• Your task: Could you transcribe all of the data exactly and skip any pictures?

Start of Supplied material

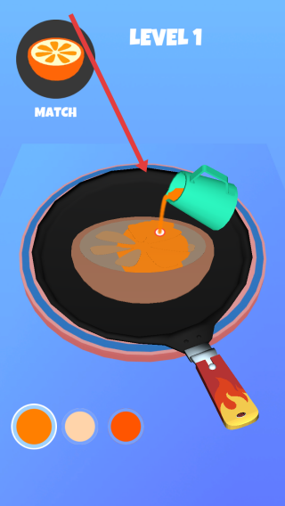 2、在第一关,需要根据橙子图案提示,选择对应颜色的水壶,不断将颜料倒入煎饼模具染色。
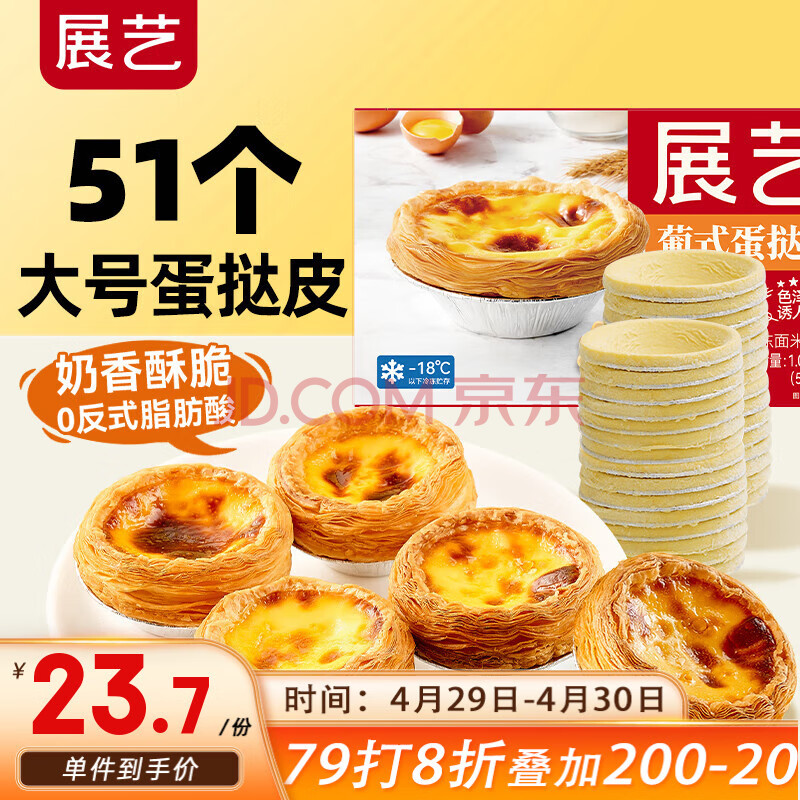 展艺 葡式蛋挞皮 51个装 1020g 儿童蛋挞 0反式脂肪酸 烘焙半成品
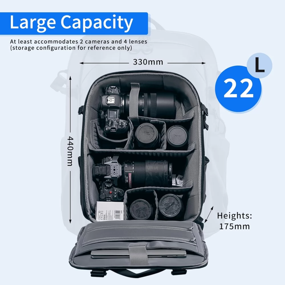 The Ulanzi 22L is a camera backpack that is ideal for travel and everyday tasks. You can also store your camera, accessories and clothing in a compact bag with collapsible partitions.
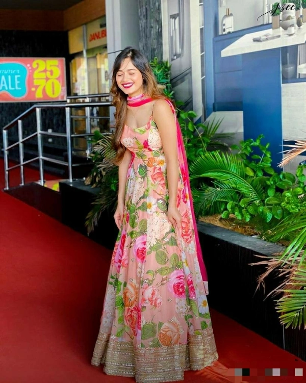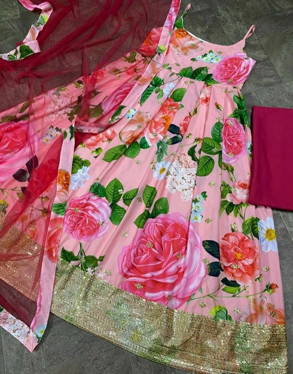 👉Gown Work : Digital Print & Sequences Embroidery Work
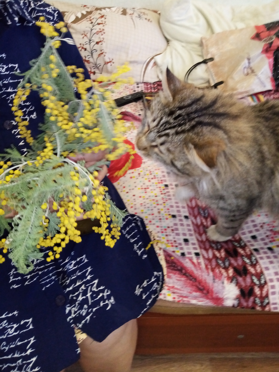 Кто бы мог подумать, что веточка мимозы станет объектом соблазнения нашего кота😄
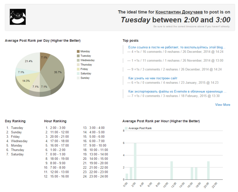 Сервис Timing+ позволяет узнать, когда вам лучше всего выкладывать ваши посты в Google+. Все, что нужно - залогиниться и указать ваш часовой пояс. После чего сразу же любоваться результатами:

End of Supplied material

• Exercise solution:
 2、在第一关,需要根据橙子图案提示,选择对应颜色的水壶,不断将颜料倒入煎饼模具染色。
 展艺 葡式蛋挞皮 51个装 1020g 儿童蛋挞 0反式脂肪酸 烘焙半成品
 The Ulanzi 22L is a camera backpack that is ideal for travel and everyday tasks. You can also store your camera, accessories and clothing in a compact bag with collapsible partitions.
 👉Gown Work : Digital Print & Sequences Embroidery Work
 Кто бы мог подумать, что веточка мимозы станет объектом соблазнения нашего кота😄
 Сервис Timing+ позволяет узнать, когда вам лучше всего выкладывать ваши посты в Google+. Все, что нужно - залогиниться и указать ваш часовой пояс. После чего сразу же любоваться результатами:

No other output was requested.